Music venue in Boston, MA, US

The Paradise Rock Club (formerly known as the Paradise Theater) is a 933-capacity music venue in Boston, Massachusetts. The venue accommodates small music festivals and non-music-related events. The Paradise is located on the edge of Boston University's campus and draws a student-based crowd. Most shows have an age requirement of eighteen or older.

==History==
The Paradise Rock Club opened as the Paradise Theater on September 22, 1977. It was owned by The Don Law Company, a Boston music giant that also controlled the Boston Garden and the Cape Cod Coliseum. Don Law was a former BU student who got his start working as a promoter for the Boston band The Remains. Identifying Boston's large student population as a key music market, Law and colleague Frank Barsalona began purchasing Boston venues to capitalize on the strong local music scene and willing audience.

The band Phish's first large Boston show was at The Paradise in January 1989. Paradise management initially refused to book the group, so band management rented out the venue instead. It ended up being a sellout, with over 200 people excess outside the club unable to attend.

The Paradise was transferred to SFX Entertainment (now Live Nation) in 1998 when The Don Law Company (dba Blackstone Entertainment) was sold for a reported $80 million to SFX. But the venue was purchased back by Don Law and partner David Mugar in 2009 and subsequently owned by Don Law, Declan Mehigan and Joe Dunne. It is now owned by Law, Mehigan, Dunne and Mugar. The Don Law Company is now Crossroads Presents and still prominent players in the Boston music scene as owners of The Paradise, the Orpheum Theater, House of Blues Boston, and the Brighton Music Hall in partnership with Live Nation.
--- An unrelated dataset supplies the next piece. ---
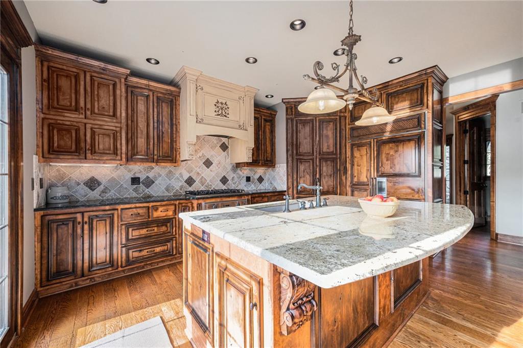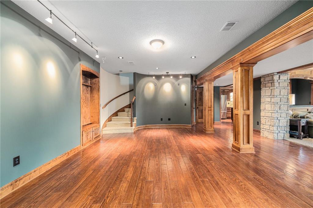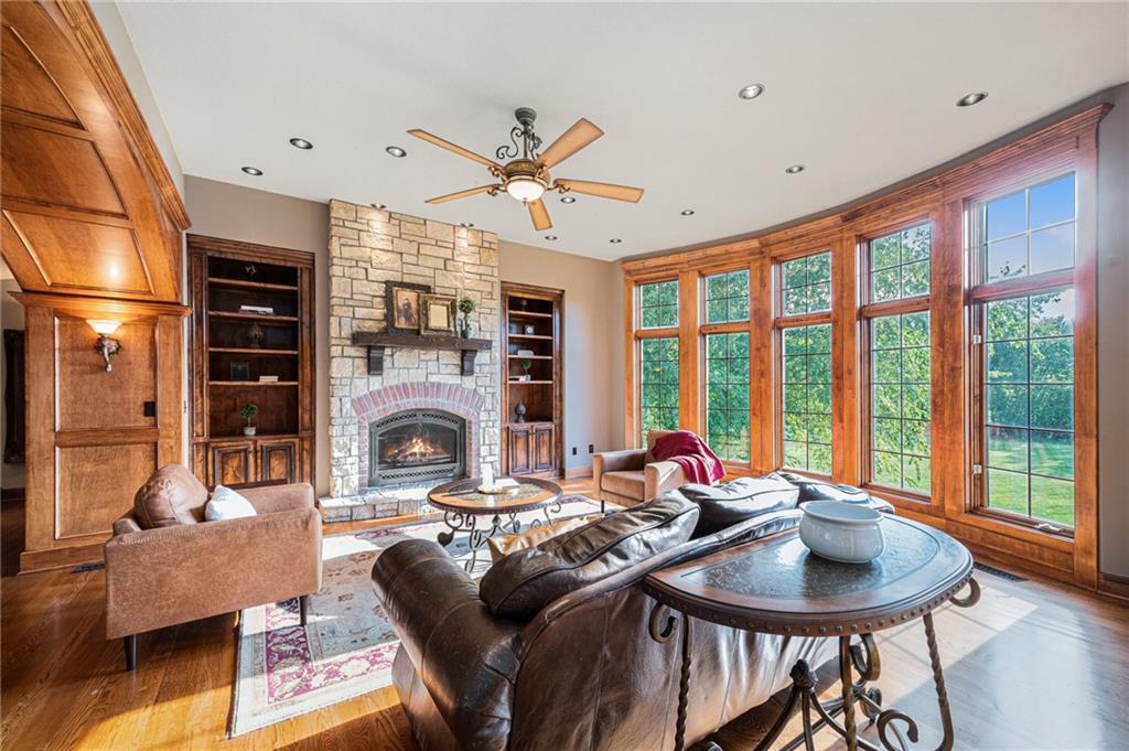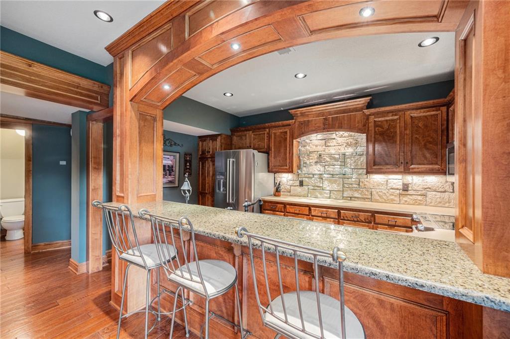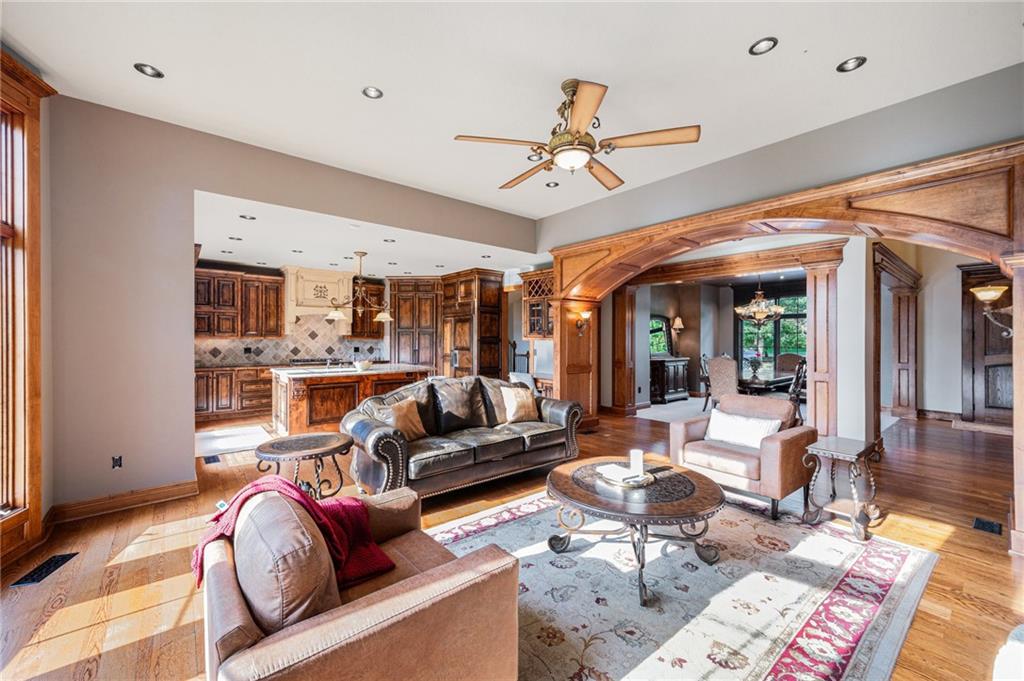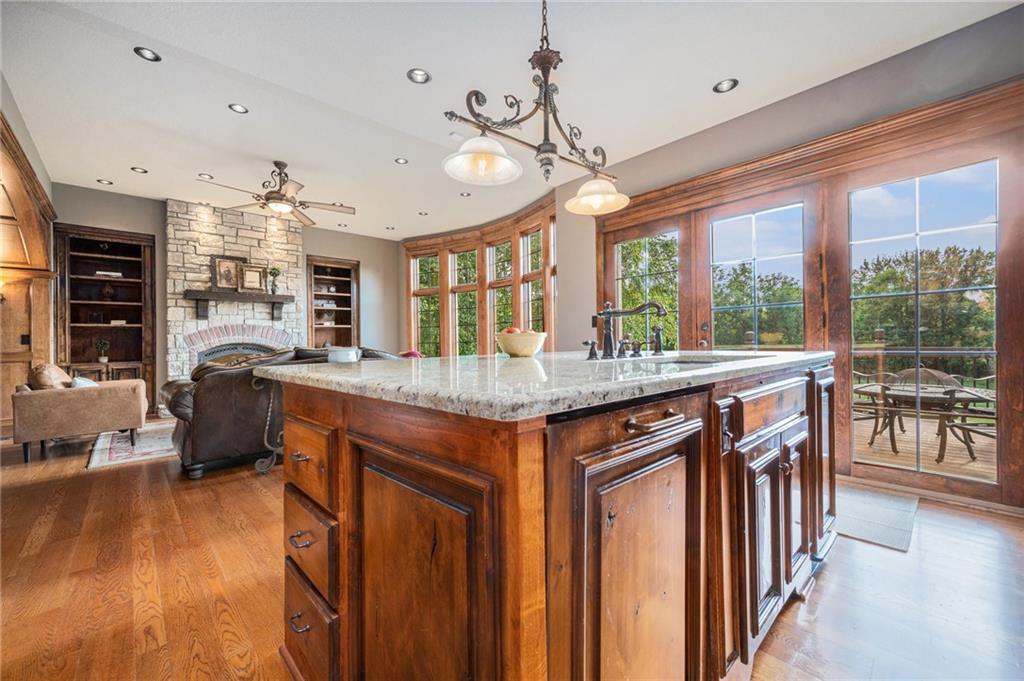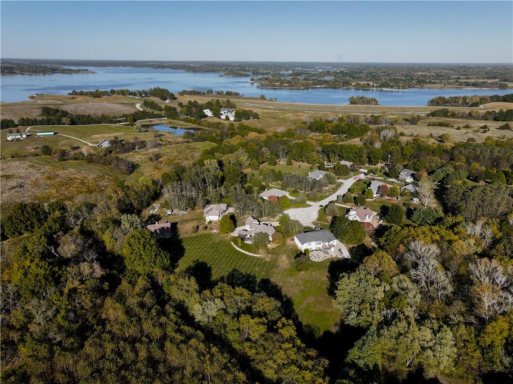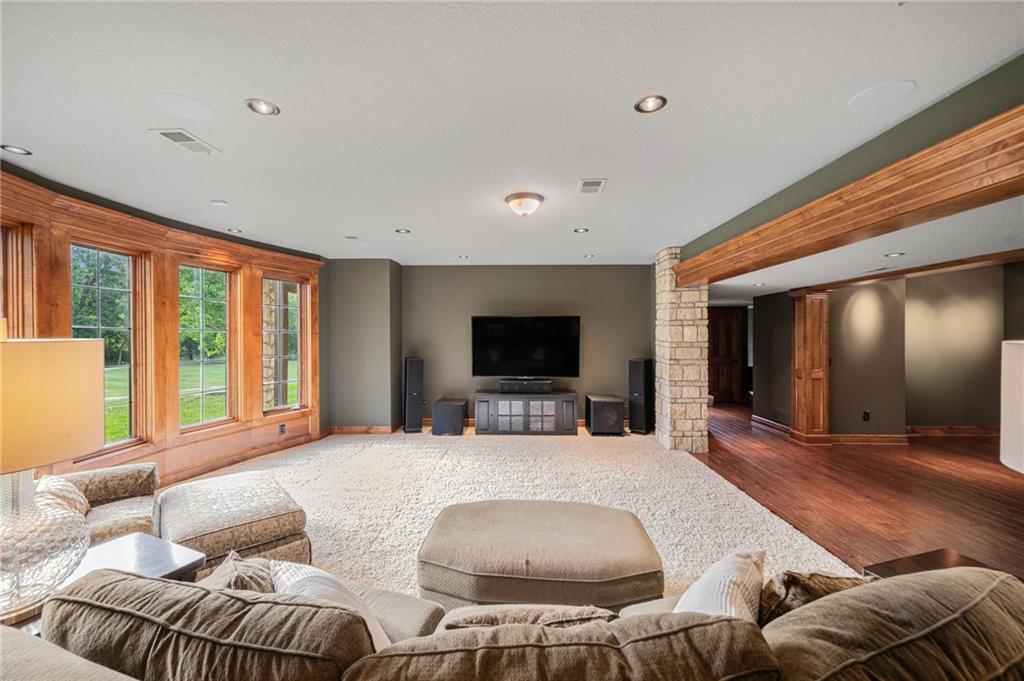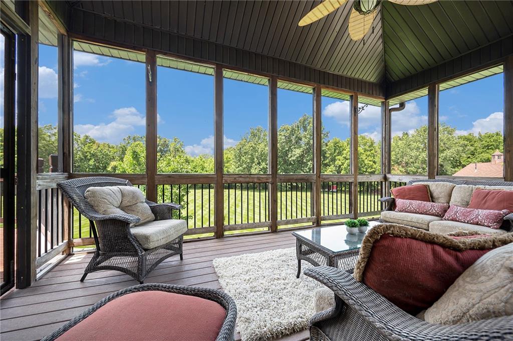 Tucked away on a quiet cul-de-sac in the desirable Strawberry Hill development, this impressive 1.5 story residence rests on a sprawling 1.76± acre lot. With quick access to The Litton Center, scenic walking trails, a play park & nearby Smithville Lake, the location offers both convenience & recreation. From the moment you arrive, the exterior showcases pride of ownership w/timeless curb appeal & meticulous care. Step inside to be greeted by a dramatic foyer featuring a curved staircase, soaring 2-story ceilings & rich, moody-traditional design details. Recently refinished hardwood floors, 2 geothermal HVAC systems (both in ground loop), computer-controlled Vantage Luxury Lighting, structured wiring & thoughtful upgrades throughout set this home apart. The great room makes a bold statement w/an arched wood entry, a striking stacked-stone fireplace flanked by custom built-ins & a wall of windows filling the space with natural light. The gourmet kitchen is designed for the chef at heart, offering knotty alder cabinetry, stone countertops, tile backsplash, built-in refrigerator, gas cooktop, oversized island & an exceptional walk-in pantry. Enjoy meals in the elegant formal dining room or the inviting 3-season room overlooking your private backyard. The main-level primary suite is a true retreat, boasting a coffered ceiling, spa-inspired ensuite w/dual custom vanities, large walk-in shower, jacuzzi tub & an expansive walk-in closet. Upstairs, discover 3 generously sized bedrooms, each with ample closet space & private or jack-and-jill bath access. The finished walkout lower level is designed as a full secondary living space—perfect for guests or multi-generational living. It includes a 2nd full kitchen, bedroom, bathroom, recreation/living areas, garage access & abundant storage. For entertaining, there’s even a theater/media room ready for movie nights or game day. Outside, the expansive backyard is ideal for gatherings, grilling, or tossing the football with friends.
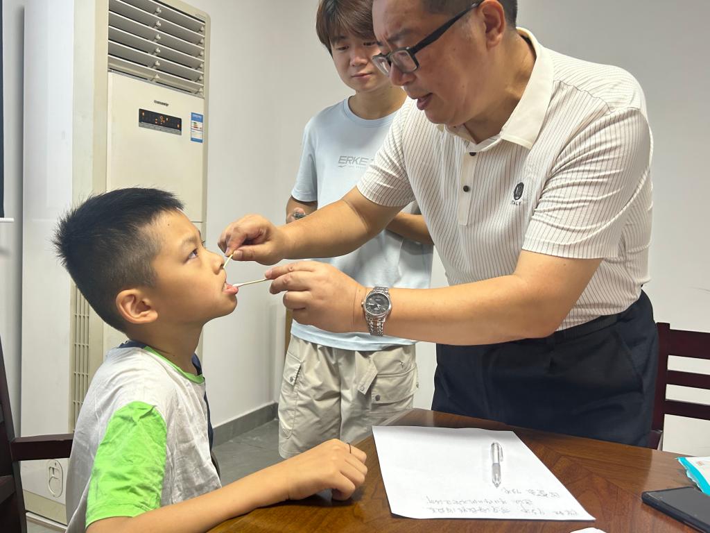 随后,李奉华老师为到场小朋友开展了免费口腔检查。他细致检查每位孩子的牙齿状况,对发现的深覆牙合、牙列不齐等问题,逐一为孩子写下医嘱小纸条,注明具体注意事项和建议,方便孩子们带回交给家长。此次检查让孩子们在互动中了解牙齿健康知识,增强了护牙意识。

In 2010, Paradise Rock Club completed a three-month renovation that moved the stage fifteen feet to the left, relocated the box office to the front of the venue, demolished the bar and positioned it to the back of the venue. These renovation features provided an open view of the stage. The artist rooms were relocated to the second floor, and upgraded with televisions and refrigerators, as well as doubled in room size. Other new additions to the venue were a separate space provided for opening acts and a private bathroom with a shower installed next to the newly added dressing rooms. In addition, a new washer and dryer were also installed as "All the bands that come through are always looking for the nearest laundromat, so we figured, why not," said Declan Mehigan.